ICU daily shape: (180, 5)
Weekly resampled shape: (53, 5)
Monthly resampled shape: (12, 5)
Missing values after upsampling: temperature                 323
heart_rate                  323
blood_pressure_systolic     323
blood_pressure_diastolic    323
weight                      323
dtype: int64


## Part 2.4: Missing Data Handling

**üí° TIP: High Percentage of Missing Data is Expected!**
When upsampling from monthly to daily frequency, you'll create approximately 96% missing data (only 12 month-end dates have values out of 365 days). This is normal and expected for upsampling - don't be alarmed!

**Approach:** Create missing values by upsampling monthly data to daily frequency.
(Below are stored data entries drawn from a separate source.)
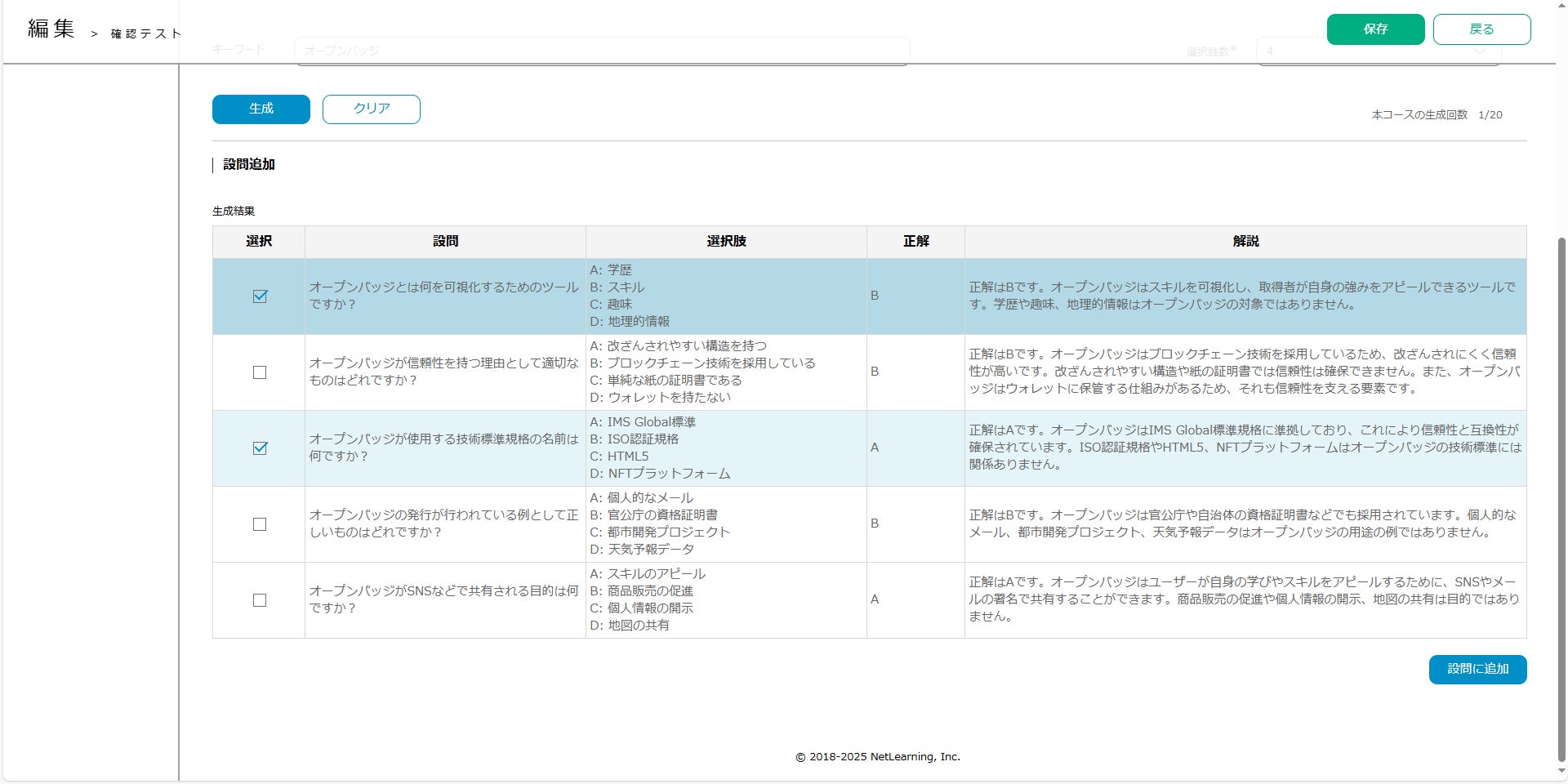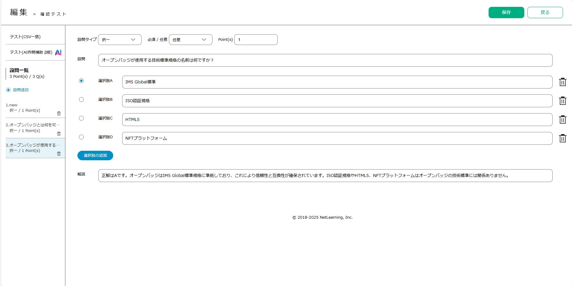 株式会社ネットラーニング(本社所在地:東京都新宿区、代表取締役社長:岸田 徹)は、同社が提供する企業向けeラーニングコース制作ツール「ContentsPRO(コンテンツプロ)」※において、新機能【生成AIによる設問作成サポート】の提供を2025年4月3日より開始いたします。本機能により、効率的かつ的確な設問作成が可能となり、研修・教育担当者の業務負担を軽減するとともに、学習者の理解定着をより一層促進します。また、本機能のデモは、展示会「デジタル人材育成支援 EXPO【春】(NexTech Week春)」の当社ブースにてご覧いただけます。
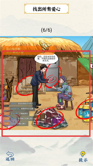 3、在场景内依次点击被圈选的爱心物品,直至进度变为【(6/6)】,完成收集任务。
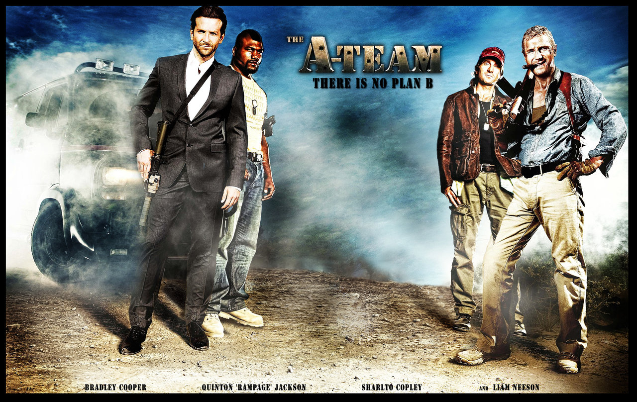 Description: A group of men standing next to each other in front of a car and a truck with the words the a team.
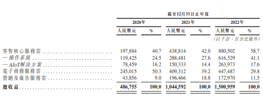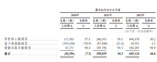 2021年,多点第一大业务为电子商务云业务,但由于毛利率过低,多点开始把重心转向零售服务云业务。数据显示,2022年零售服务云毛利率为56.2%,电子商务云则为2.3%。
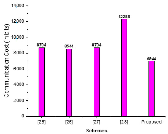 In Table 4, we compare the primary operations of communication cost for the proposed scheme and other schemes that were proposed, including those proposed by Yanfeng et al. [25], Bhatia and Verma [26], Li et al. [27], and Qu and Zeng [28]. As shown in Table 4, represents the message size, which we assume was 2048 bits, represents the parameter size, which belongs to elliptic curve and was equal to 160 bits [30,31], represents the identity size, which belongs to elliptic curve and was equal to 160 bits, and represents the parameter size, which is part of the bilinear group, and its value was 1024 bits. As detailed in Table 4 and depicted in Figure 3, the proposed scheme had lower communication costs than its counterparts.
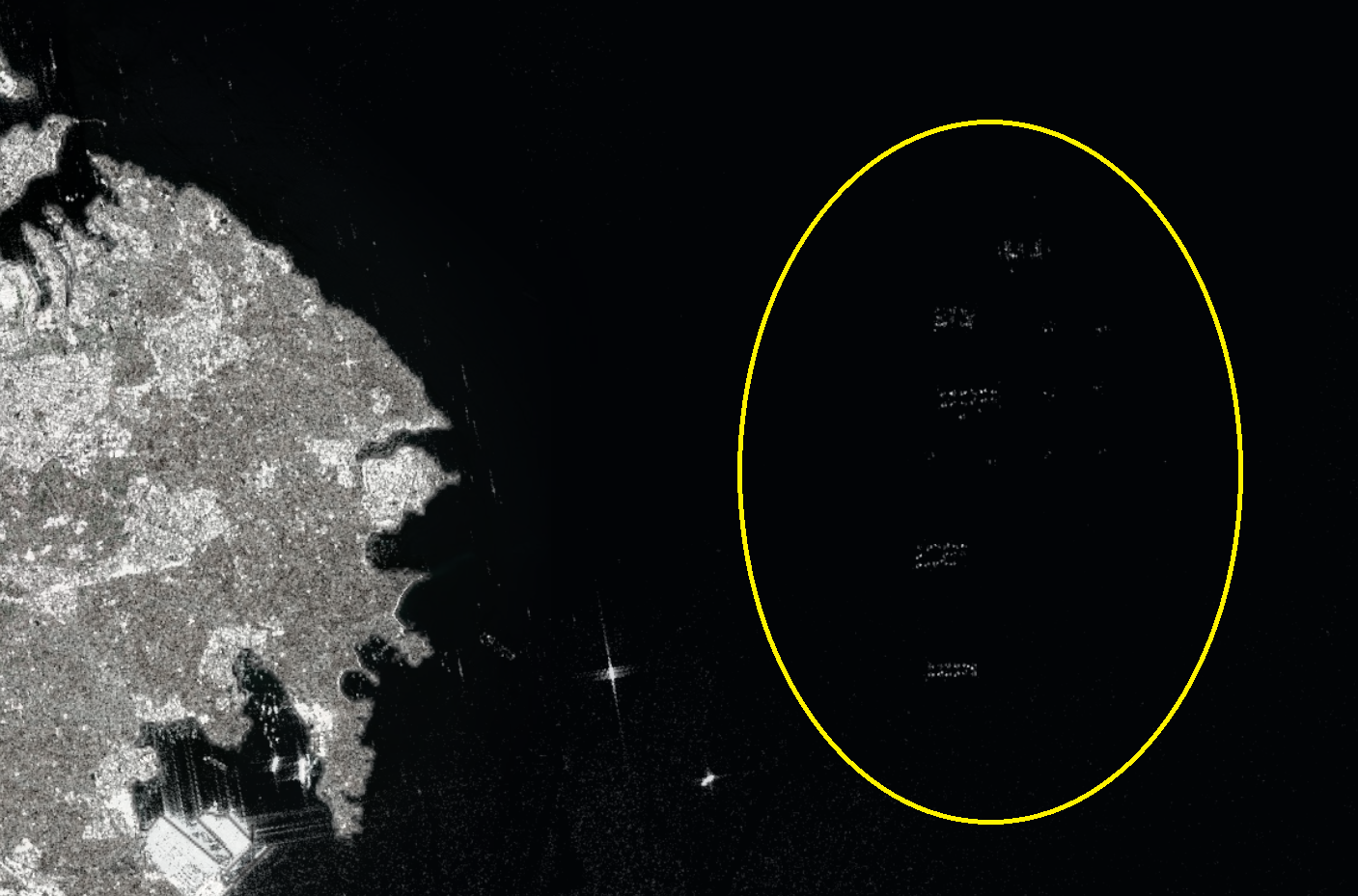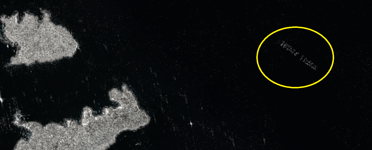 Tuna pen cages are ridiculously easy to pick out on SAR imagery, especially in Sentinel-1 VV mode. While the open water scatters the energy, the cage structures are metal with sharp angles, reflecting the radar signal. This produces bright spots against the darker background of the sea, making them roughly akin to the radio equivalent of finding a bright light in a pitch black night.

This creates a clear, structured pattern of missing data that's ideal for practicing imputation methods.

**TODO: Handle missing data in time series**

In [58]:
# Identify missing values in time series
# Use the monthly resampled data from Part 2.3 and upsample to daily:
#   - Take patient_vitals_monthly['temperature']
#   - Upsample to daily frequency using .resample('D').asfreq()
#   - This creates missing values for all days except month-end dates (~96% missing)
ts_with_missing = patient_vitals_monthly['temperature'].resample('D').asfreq()  # Time series with missing values
print("Missing value count:", ts_with_missing.isna().sum())
print("Missing value percentage:", ts_with_missing.isna().sum() / len(ts_with_missing) * 100)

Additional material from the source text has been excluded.